FIG. 1 shows an apparatus for measuring solar cells, comprising a matrix light source 1, consisting of a large number of solid-state light sources which are supplied with energy by a computer-controlled current source 5. The solid-state light sources are dimensioned with regard to their spectral light emission in such a way that their emitted light energy in the optimum spectral sensitivity range of solar cells 2 can be converted into electrical current. The measurement current generated is directly proportional to the radiant energy. The analogue measurement current is converted into a digital measured signal via an analogue/digital converter 3, in order to be further processed in an evaluation unit/test computer 4.
 According to the invention, LEDs in the spectral region of 880 nm are used as solid-state light sources because the radiant energy at this wavelength is most readily converted by the silicon solar cells. Here, a calibrated reference cell is first fed in a defined time unit and with a radiant power of the matrix light source 1 increasing in a defined manner, via the controlled diode current of the computer-controlled current source 5. Up to a calibration value of 1000 W/m2, the associated generated current or a voltage is recorded via a test shunt. The reference cell has a test temperature of 25° C. (STC).
 After this calibration of the measuring apparatus shown in FIG. 1, any desired solar cell or any corresponding radiation sensor of the same cell material can be irradiated and the measured current correlating with the incident radiation can be determined. Deviations of this measured current from that of the reference cell are taken into account via correction factors or calibration curves.

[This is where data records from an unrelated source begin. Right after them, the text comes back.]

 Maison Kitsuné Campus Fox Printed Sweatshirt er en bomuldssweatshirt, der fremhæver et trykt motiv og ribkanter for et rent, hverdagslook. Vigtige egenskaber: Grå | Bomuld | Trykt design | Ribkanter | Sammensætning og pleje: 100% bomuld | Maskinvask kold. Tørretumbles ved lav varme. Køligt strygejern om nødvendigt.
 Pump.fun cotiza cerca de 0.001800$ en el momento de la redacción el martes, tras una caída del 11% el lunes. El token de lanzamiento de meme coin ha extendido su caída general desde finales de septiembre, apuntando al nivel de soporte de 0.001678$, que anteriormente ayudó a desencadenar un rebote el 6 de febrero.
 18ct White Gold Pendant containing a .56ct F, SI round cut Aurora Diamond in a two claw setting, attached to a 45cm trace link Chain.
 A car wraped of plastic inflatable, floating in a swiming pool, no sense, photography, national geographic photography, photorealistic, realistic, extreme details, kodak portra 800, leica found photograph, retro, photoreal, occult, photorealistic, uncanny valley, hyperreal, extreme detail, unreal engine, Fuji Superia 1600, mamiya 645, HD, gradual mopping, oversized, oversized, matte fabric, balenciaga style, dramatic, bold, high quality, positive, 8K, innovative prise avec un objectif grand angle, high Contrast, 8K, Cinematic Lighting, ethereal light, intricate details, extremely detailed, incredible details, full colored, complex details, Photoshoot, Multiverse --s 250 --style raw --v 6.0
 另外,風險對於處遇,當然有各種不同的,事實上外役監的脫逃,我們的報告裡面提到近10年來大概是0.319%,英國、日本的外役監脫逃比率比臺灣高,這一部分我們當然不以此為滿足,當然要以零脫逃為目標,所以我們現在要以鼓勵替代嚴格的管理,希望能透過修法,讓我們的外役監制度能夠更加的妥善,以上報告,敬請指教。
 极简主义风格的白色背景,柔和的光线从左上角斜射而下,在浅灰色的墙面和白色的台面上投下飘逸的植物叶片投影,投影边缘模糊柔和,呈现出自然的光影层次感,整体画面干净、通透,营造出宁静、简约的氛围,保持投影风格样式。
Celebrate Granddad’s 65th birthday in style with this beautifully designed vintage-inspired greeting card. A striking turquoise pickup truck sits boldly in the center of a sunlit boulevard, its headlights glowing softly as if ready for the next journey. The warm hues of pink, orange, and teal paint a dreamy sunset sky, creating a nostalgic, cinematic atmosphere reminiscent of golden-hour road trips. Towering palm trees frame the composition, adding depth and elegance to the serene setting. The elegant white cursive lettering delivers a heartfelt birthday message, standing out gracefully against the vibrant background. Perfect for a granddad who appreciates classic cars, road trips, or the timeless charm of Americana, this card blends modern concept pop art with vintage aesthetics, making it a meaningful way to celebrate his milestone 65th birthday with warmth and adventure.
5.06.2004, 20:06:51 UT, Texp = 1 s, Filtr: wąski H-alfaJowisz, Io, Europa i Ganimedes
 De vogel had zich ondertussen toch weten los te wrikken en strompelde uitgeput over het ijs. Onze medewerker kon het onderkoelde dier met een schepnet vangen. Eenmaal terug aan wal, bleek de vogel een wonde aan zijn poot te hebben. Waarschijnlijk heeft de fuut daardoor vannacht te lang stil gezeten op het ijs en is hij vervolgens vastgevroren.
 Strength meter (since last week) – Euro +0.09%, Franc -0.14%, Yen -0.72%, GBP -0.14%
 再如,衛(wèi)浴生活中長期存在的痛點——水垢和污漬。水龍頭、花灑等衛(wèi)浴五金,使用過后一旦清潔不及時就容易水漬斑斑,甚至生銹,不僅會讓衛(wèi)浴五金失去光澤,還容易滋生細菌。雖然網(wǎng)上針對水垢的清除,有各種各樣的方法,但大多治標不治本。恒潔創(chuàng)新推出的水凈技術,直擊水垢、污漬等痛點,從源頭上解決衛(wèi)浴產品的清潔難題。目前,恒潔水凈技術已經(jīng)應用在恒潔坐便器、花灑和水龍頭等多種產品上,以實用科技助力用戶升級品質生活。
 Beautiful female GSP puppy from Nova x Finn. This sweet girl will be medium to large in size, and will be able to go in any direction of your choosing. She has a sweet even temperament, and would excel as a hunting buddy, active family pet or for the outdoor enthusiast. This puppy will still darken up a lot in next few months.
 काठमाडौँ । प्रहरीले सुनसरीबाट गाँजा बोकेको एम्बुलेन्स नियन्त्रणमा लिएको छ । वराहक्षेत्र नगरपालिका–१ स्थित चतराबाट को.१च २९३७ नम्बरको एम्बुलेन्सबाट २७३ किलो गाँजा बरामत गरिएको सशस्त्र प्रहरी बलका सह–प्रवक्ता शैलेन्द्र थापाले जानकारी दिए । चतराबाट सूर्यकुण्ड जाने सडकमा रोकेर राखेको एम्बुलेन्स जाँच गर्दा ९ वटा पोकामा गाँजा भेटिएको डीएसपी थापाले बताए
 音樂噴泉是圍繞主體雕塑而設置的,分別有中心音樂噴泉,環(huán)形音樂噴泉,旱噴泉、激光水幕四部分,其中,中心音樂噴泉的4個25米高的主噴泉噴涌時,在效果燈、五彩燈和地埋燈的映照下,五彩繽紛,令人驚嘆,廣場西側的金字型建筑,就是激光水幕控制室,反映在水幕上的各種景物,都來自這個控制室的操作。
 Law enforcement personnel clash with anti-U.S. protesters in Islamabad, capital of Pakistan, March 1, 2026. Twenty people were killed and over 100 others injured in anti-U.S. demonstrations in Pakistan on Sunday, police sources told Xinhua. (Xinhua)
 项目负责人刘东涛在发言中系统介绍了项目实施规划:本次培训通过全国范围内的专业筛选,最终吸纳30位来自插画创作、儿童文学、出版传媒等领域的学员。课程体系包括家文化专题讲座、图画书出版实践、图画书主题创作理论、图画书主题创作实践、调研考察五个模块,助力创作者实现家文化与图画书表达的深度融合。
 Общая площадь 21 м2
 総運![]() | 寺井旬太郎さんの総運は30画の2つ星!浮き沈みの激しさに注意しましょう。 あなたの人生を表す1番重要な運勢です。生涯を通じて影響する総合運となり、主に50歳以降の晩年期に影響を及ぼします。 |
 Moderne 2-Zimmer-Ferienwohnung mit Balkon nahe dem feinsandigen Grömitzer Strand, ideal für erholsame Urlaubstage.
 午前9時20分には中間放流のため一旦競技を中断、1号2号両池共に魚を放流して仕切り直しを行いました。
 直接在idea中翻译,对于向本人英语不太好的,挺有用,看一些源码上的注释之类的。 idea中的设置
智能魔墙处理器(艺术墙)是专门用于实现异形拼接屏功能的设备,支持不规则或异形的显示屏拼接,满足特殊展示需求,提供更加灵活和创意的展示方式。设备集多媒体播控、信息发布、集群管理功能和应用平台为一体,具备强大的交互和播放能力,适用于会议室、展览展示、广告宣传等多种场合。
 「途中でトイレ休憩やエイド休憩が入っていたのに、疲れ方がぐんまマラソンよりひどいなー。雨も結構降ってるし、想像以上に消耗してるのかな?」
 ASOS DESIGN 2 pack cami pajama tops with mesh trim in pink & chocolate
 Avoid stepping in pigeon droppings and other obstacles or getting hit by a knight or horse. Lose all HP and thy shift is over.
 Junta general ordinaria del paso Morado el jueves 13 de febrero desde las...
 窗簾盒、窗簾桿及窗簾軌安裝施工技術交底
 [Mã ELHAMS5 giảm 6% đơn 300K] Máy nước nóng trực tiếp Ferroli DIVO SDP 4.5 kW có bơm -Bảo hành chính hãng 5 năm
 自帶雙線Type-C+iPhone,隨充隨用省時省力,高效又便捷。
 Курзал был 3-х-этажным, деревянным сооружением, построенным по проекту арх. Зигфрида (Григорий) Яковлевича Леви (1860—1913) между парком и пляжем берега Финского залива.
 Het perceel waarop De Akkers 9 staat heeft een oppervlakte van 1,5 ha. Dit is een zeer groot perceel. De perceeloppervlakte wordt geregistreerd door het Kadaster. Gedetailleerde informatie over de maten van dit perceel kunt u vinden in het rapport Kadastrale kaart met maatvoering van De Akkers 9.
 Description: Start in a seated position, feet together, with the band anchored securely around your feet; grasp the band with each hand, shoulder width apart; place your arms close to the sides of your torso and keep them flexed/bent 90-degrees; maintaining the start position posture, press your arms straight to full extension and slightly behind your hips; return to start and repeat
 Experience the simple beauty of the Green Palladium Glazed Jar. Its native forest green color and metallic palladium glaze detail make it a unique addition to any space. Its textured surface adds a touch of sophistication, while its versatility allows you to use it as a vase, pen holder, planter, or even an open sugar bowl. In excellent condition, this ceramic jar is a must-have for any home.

FIG. 2 shows details of the matrix light source 1 disclosed in FIG. 1. In the present embodiment, the individual LEDs are installed in at least 20 parallel strands (columns) and these in turn are installed as a series circuit (lines) of at least 20 LEDs over the area of a matrix light source circuit board 8. The individual LED strands are supplied with a defined current via driver modules 6 from a computer-controlled current source 5. For monitoring and control of the strand currents, the radiation of an LED is output from each strand so that said strand current can be evaluated in a reference light source feedback network 7.
FIG. 3 shows this reference light source feedback network 7 in details according to the invention. The reference LEDs 9 whose radiation is output are likewise in the form of a matrix-like light source in the present embodiment. A solar cell or a light sensor chip 11 is irradiated via an adaptation filter 10. Since the light intensity of the matrix light source 1 can be adjusted via the current of the LEDs, the reference light source feedback network 7 serves as a compensation means for ageing phenomena or temperature deviations of the matrix light source circuit board 8.
FIG. 4 shows the matrix light source 1 already described in FIG. 2, according to the invention in modular extension as a large-area double-matrix light source 16. According to the embodiment, measuring tasks, as described above under FIG. 1, can be carried out here for photovoltaic modules 12 by way of example.
FIG. 5 shows the example of an XY matrix light source 13 with appropriately modified electronic circuit board, the decoder assembly 14 for x lines and y columns and a programmable current source 15. According to the embodiment, the individual current monitoring takes place in the programmable current source. According to the invention, a light pulse of defined amplitude and shape is chosen for testing the homogeneity of solar cells in order as far as possible not to cause any faults in the generation process and to be able to evaluate these in a simple manner.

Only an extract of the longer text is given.